+++ Records for this task +++
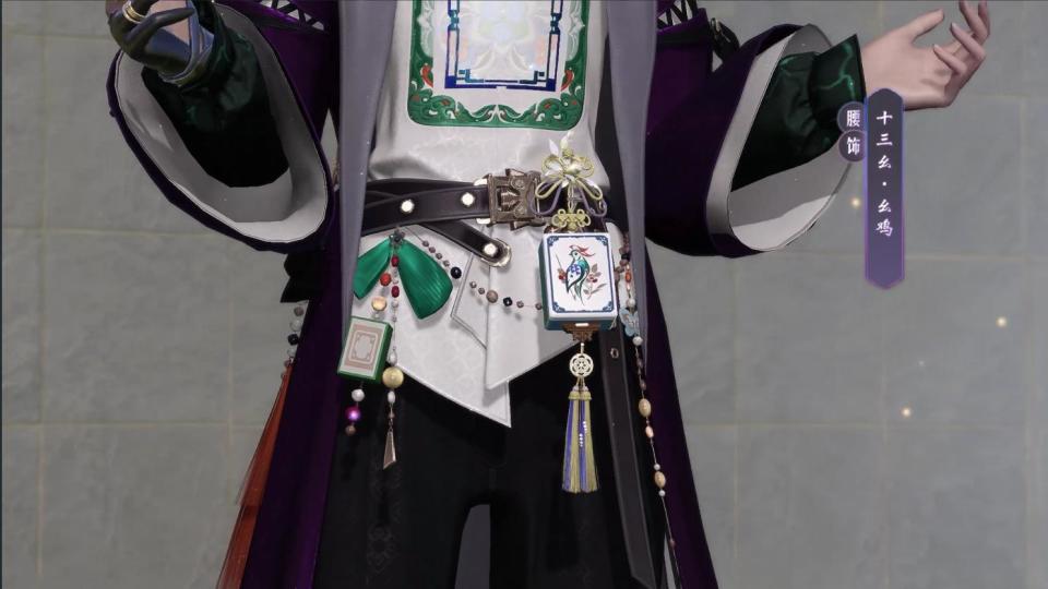 腰饰:灵殊·三尺剑、人间安康、西兰卡普· 漫焰、西兰卡普· 芙兰、西兰卡普· 清瑞、西兰卡普· 福鸣、西兰卡普· 深锦、水蜜儿、芙月·白、芙月·蓝、芙月·青、芙月·黄、芙月·粉、十三幺·幺鸡、十三幺·红中、十三幺·发财。
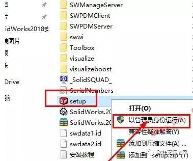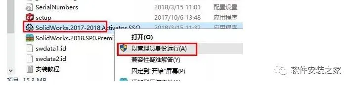 19. 打开解压后的文件夹,选择SolidWorks.2017-2018.Activator.鼠标右击“以管理员的身份运行”。
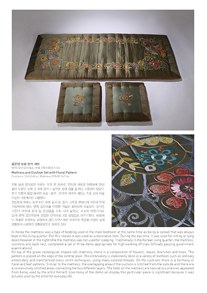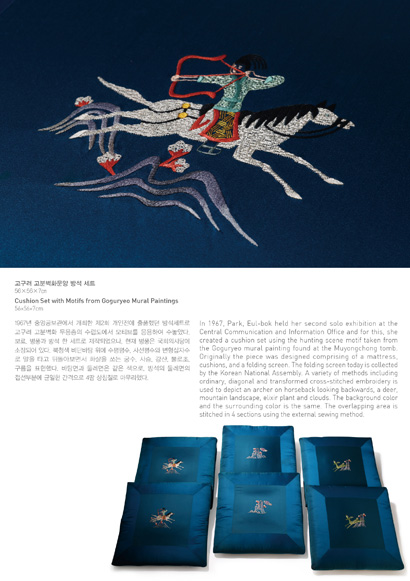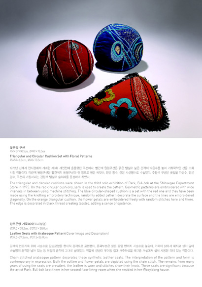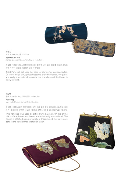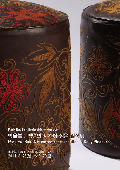 전시 제목인 ‘백년의 시간이 심은 일상’은 2011년 신묘년(辛卯年)해를 맞이하여 1915년 출생으로 토끼띠인 박을복 선생이 자수와 함께 해온 백년 가까운 시간의 흔적과 의미를 담고 있습니다. 일반 자수작품과 함께 박을복 선생께서 일상생활공간에서 즐겨 사용하기도 한 보료, 방석 세트와 쿠션 등 일상생활용품 20여 점과 핸드백, 안경집, 골무 등이 전시됩니다. 구겨진 보료의 주름, 쿠션, 낡은 가죽의자와 해진 골무의 흔적들을 통해 전통을 현대에 접목시키고자 불철주야 노력했던 예술가의 삶의 흔적을 엿볼 수 있으며 전통자수가 과거의 단순한 재연이 아니라 현대인의 생활속에 녹아있는 치열한 삶의 한 부분이라는 사실을 다시 한 번 확인시켜주고 있습니다.
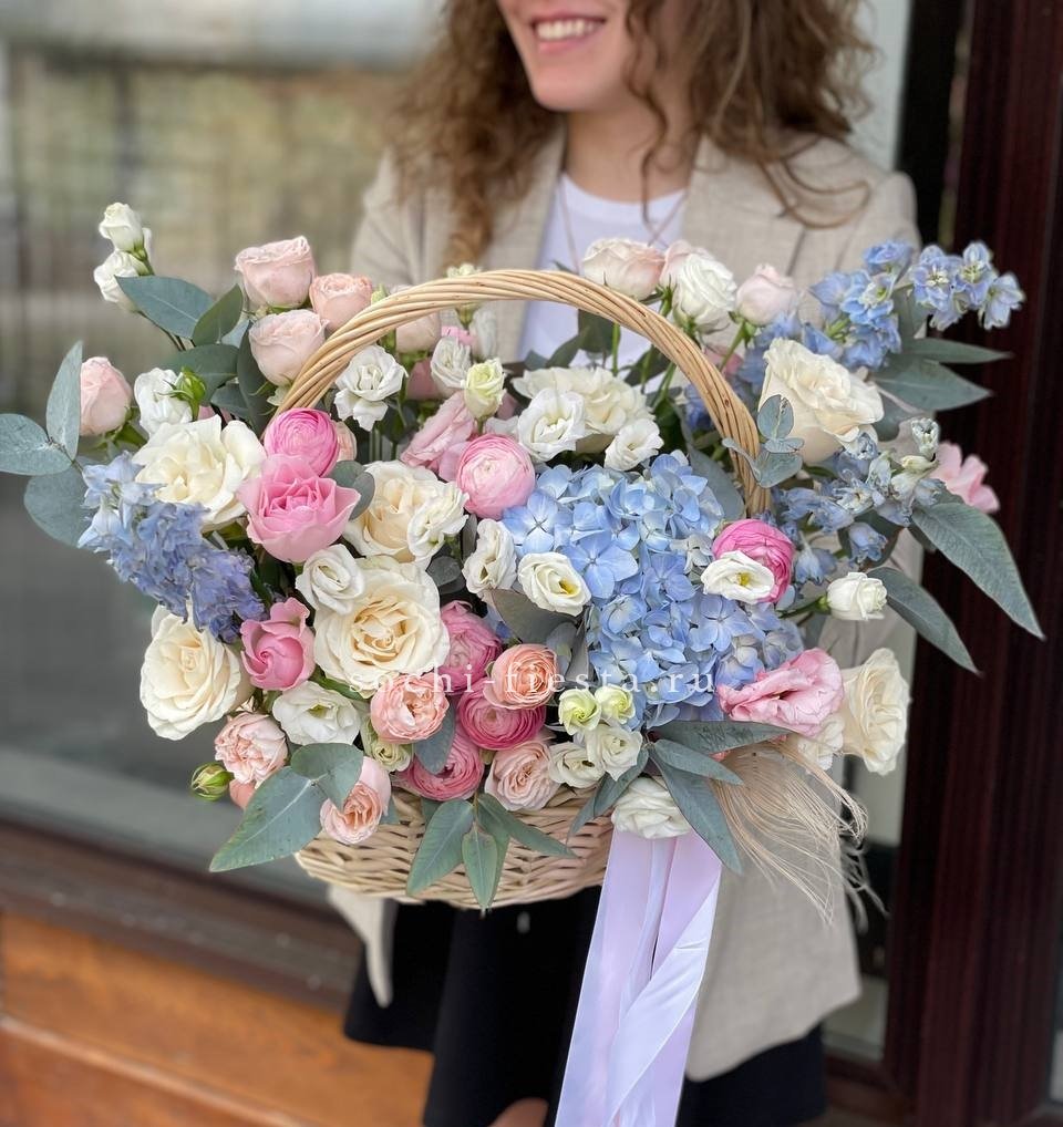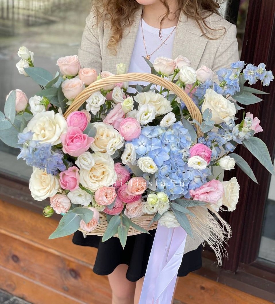 Корзина с шестьюдесятью пятью кустовыми розами Мисти Бабблс создаёт плотное облако из махровых бутонов лавандового оттенка. Эвкалипт добавляет свежести и завершает композицию.
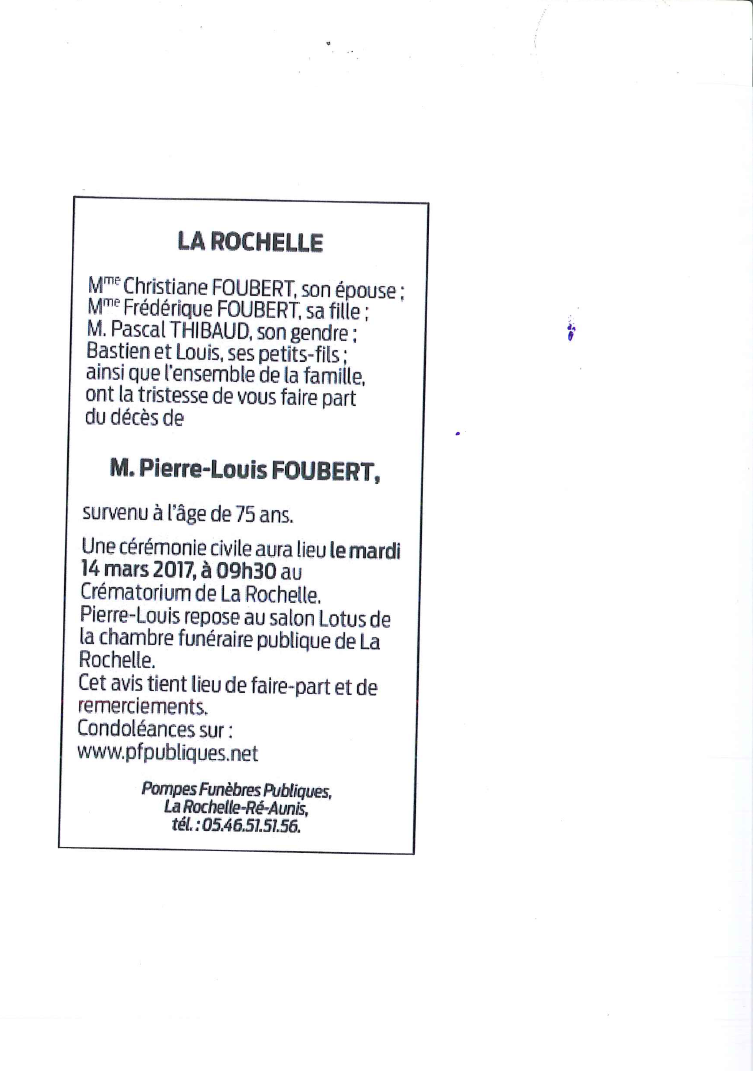 Décédé à La Rochelle (17000, France) le mercredi 8 mars 2017 à l'âge de 75 ans
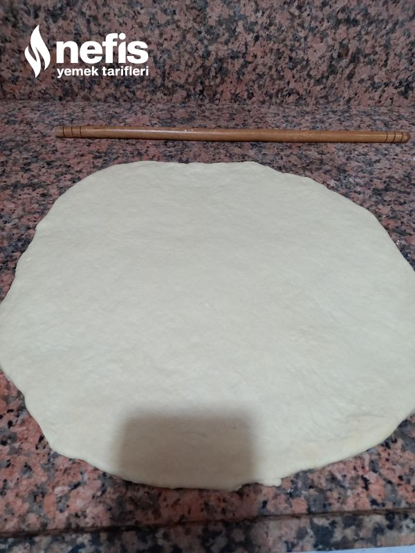 6. Tezgaha çok az un serpelim,oklava ile açalım ,yarım santim kalınlık kâfi. Çok ince olmasın.
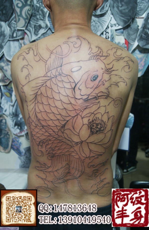 后背带荷花的一尾大鲤鱼纹身图后背大条的线条_后背纹身图案大全_纹身图吧
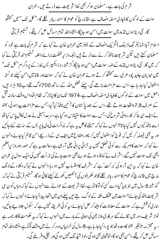 More demands from Imran Khan for Sharia in support of Taliban in swat.
+++
What is needed: Would you retype exactly the lines running from the line that contains "전시 제목인 ‘백년의" through the end of the listing above, both included? Skip every picture.

Expected output:
 전시 제목인 ‘백년의 시간이 심은 일상’은 2011년 신묘년(辛卯年)해를 맞이하여 1915년 출생으로 토끼띠인 박을복 선생이 자수와 함께 해온 백년 가까운 시간의 흔적과 의미를 담고 있습니다. 일반 자수작품과 함께 박을복 선생께서 일상생활공간에서 즐겨 사용하기도 한 보료, 방석 세트와 쿠션 등 일상생활용품 20여 점과 핸드백, 안경집, 골무 등이 전시됩니다. 구겨진 보료의 주름, 쿠션, 낡은 가죽의자와 해진 골무의 흔적들을 통해 전통을 현대에 접목시키고자 불철주야 노력했던 예술가의 삶의 흔적을 엿볼 수 있으며 전통자수가 과거의 단순한 재연이 아니라 현대인의 생활속에 녹아있는 치열한 삶의 한 부분이라는 사실을 다시 한 번 확인시켜주고 있습니다.
 Корзина с шестьюдесятью пятью кустовыми розами Мисти Бабблс создаёт плотное облако из махровых бутонов лавандового оттенка. Эвкалипт добавляет свежести и завершает композицию.
 Décédé à La Rochelle (17000, France) le mercredi 8 mars 2017 à l'âge de 75 ans
 6. Tezgaha çok az un serpelim,oklava ile açalım ,yarım santim kalınlık kâfi. Çok ince olmasın.
 后背带荷花的一尾大鲤鱼纹身图后背大条的线条_后背纹身图案大全_纹身图吧
 More demands from Imran Khan for Sharia in support of Taliban in swat.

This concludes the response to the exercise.